The computation table now has one more element printed after "@", the estimation of event's probablity for the particular branch based on the previous events. During the computation these values get mixed together based on the weight of the branches. But notice that when applying E2, the message says:

Expected P(E)=0.513333

It's 0.513333, not 0.7! The reason is two-fold. First, AdaBoost works by adjusting the weights of the training cases such as to bring the probability of the last seen event to 0.5. It just does the correction opposite to what I was trying to achieve. Second, these are the wrong probabilities in the table. These probabilities are computed per-branch based on the absolute confidence. They don't care if the actual confidence was 0.7 or 0.3, these values are the same from the standpoint of the absolute confidence. But this difference matters a lot when trying to predict P(E)!
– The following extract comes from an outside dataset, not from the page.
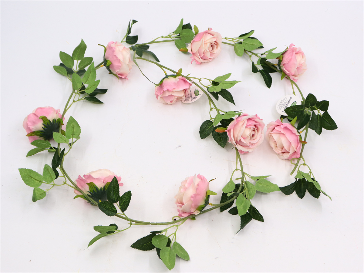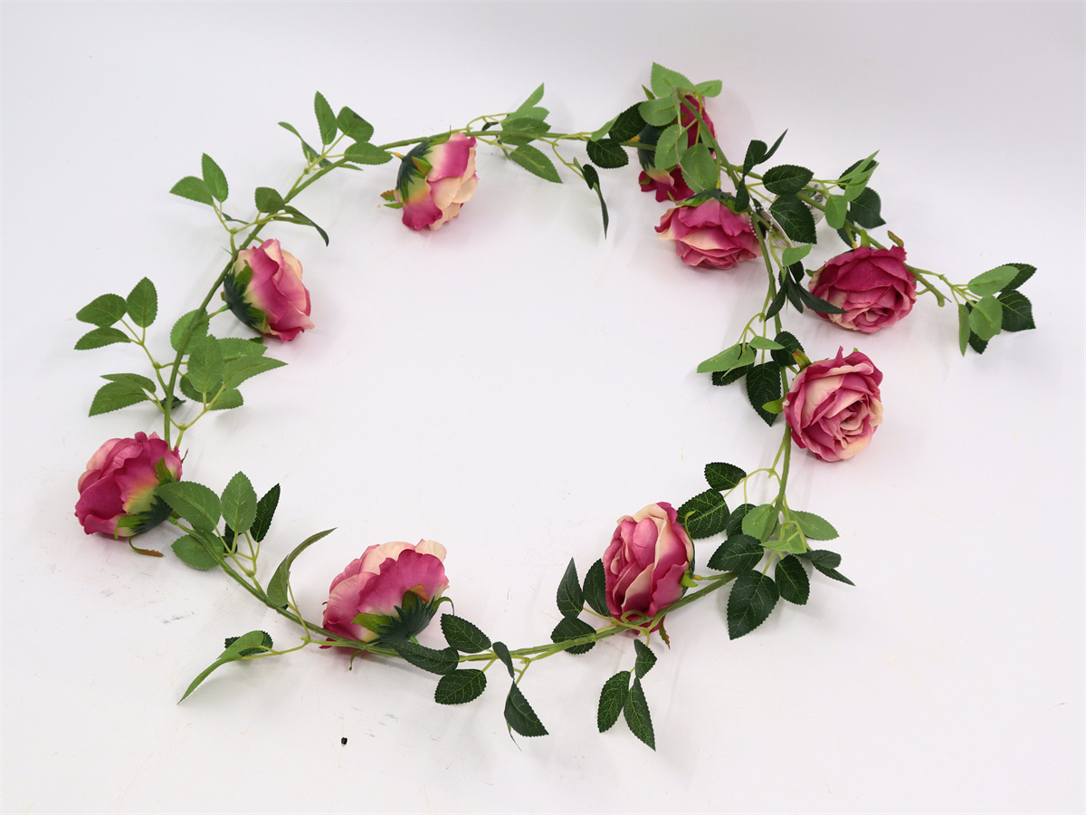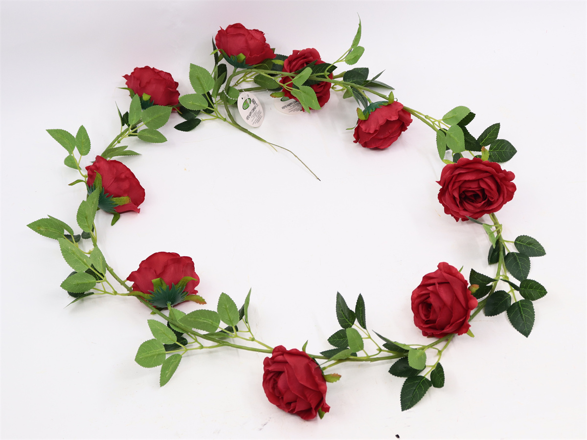 Description:190cm, rose vine, 9 flowers, dia: 8cm, 18 sets of leaves, pengee;

Instead we need to honestly compute the P(E) based on the previous events, not per the AdaBoostian table but per the original training cases. But if we do that, we end up again with a table of exponential size. The trick with ignoring all the events but the last few might still work though. The idea would be similar: since we try to order the closely-correlated events close to each other, the previous few events would be the ones with the strongest effects. And if the farther events aren't closely correlated, they won't have a big effect anyway, so they can be ignored. Maybe I'll try this next. Or maybe it's simply not worth the trouble.